Exactly as written, reproduce the lines from the beginning of the data through the line containing "在景東縣錦屏鎮(zhèn),祖孫三代圍在"; the pictures are not reproduced.

**Dataset content:**
----------
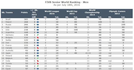 7月18日,伴随着2016年世界男排联赛的结束,国际排联官网更新了最新一期男排成年组的世界排名。中国男排以2016世界男排联赛15个积分、2014世锦赛33个积分以及2012伦敦奥运会的3个积分,已总分50分排名第19位,创历史第2差排名。
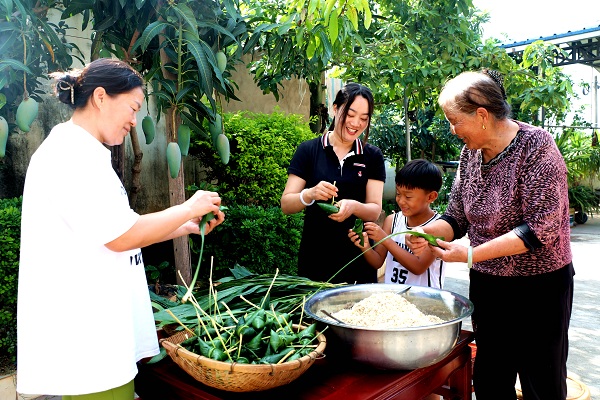 在景東縣錦屏鎮(zhèn),祖孫三代圍在一起包粽子,其樂(lè)融融,一裹一纏間讓中華傳統(tǒng)文化代代傳承。(商有鋒 攝)
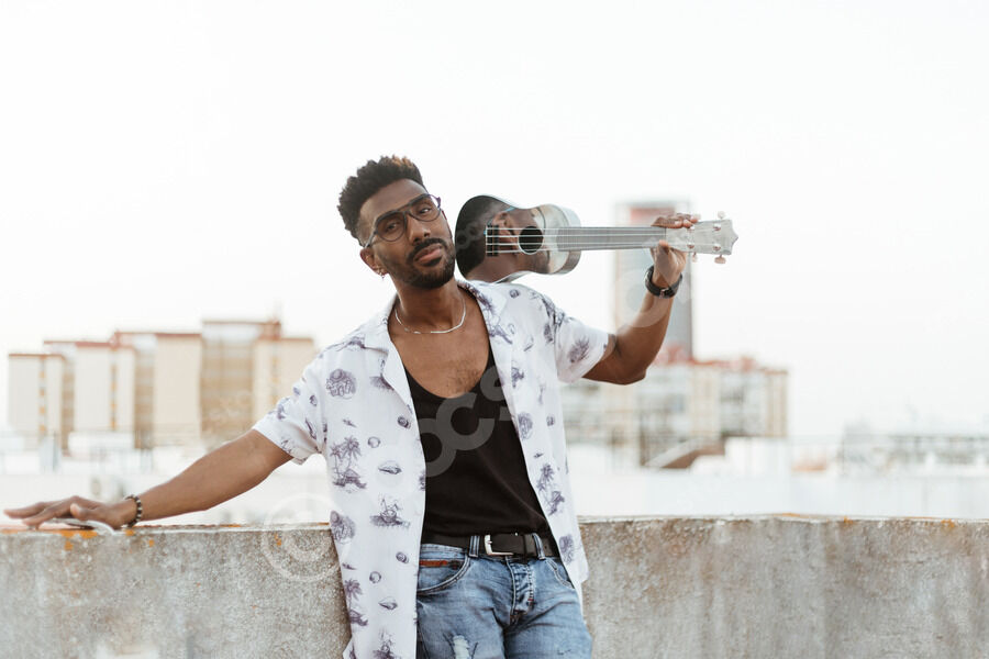 Hispanic man wearing eyeglasses with ukulele on shoulder standing on balcony of building in city
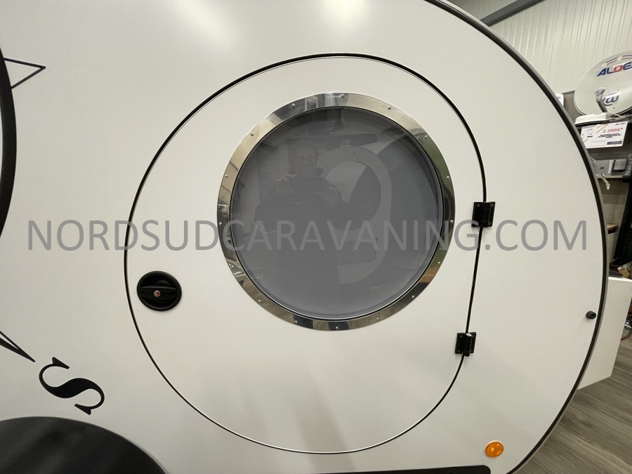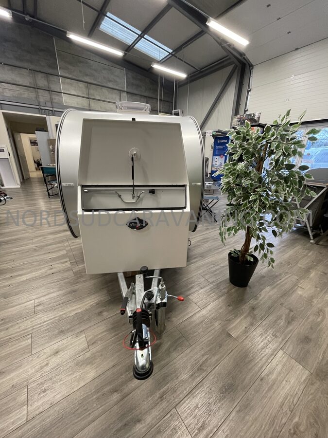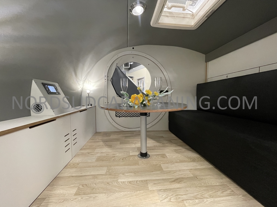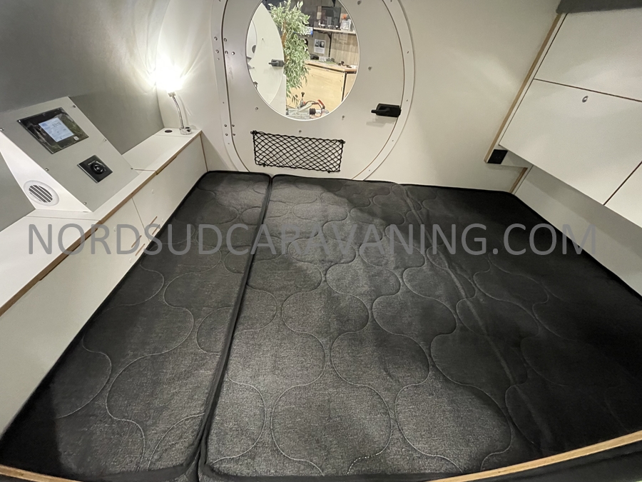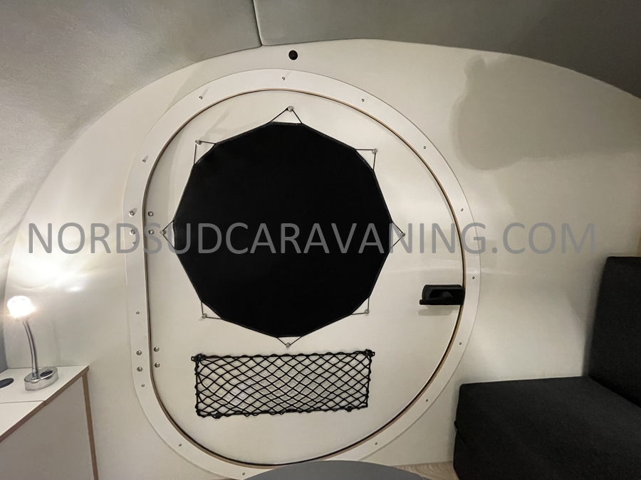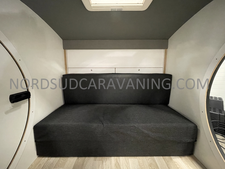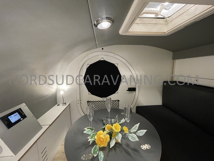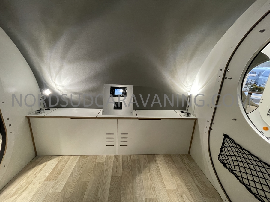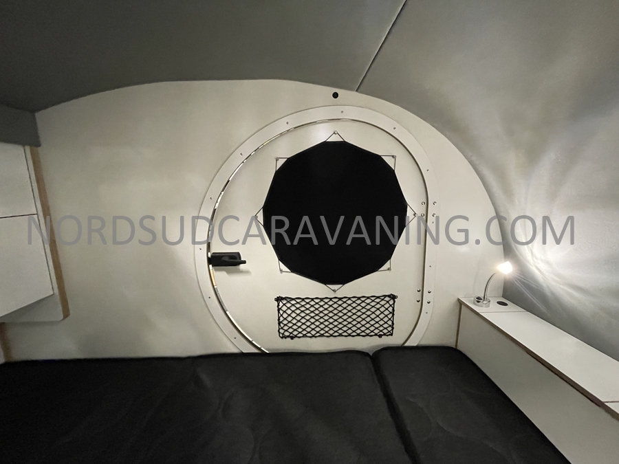 Conçue pour être légère et aérodynamique, elle offre un espace de couchage pour deux personnes et une petite cuisine extérieure accessible par une porte arrière.
----------
**Response area:**
 7月18日,伴随着2016年世界男排联赛的结束,国际排联官网更新了最新一期男排成年组的世界排名。中国男排以2016世界男排联赛15个积分、2014世锦赛33个积分以及2012伦敦奥运会的3个积分,已总分50分排名第19位,创历史第2差排名。
 在景東縣錦屏鎮(zhèn),祖孫三代圍在一起包粽子,其樂(lè)融融,一裹一纏間讓中華傳統(tǒng)文化代代傳承。(商有鋒 攝)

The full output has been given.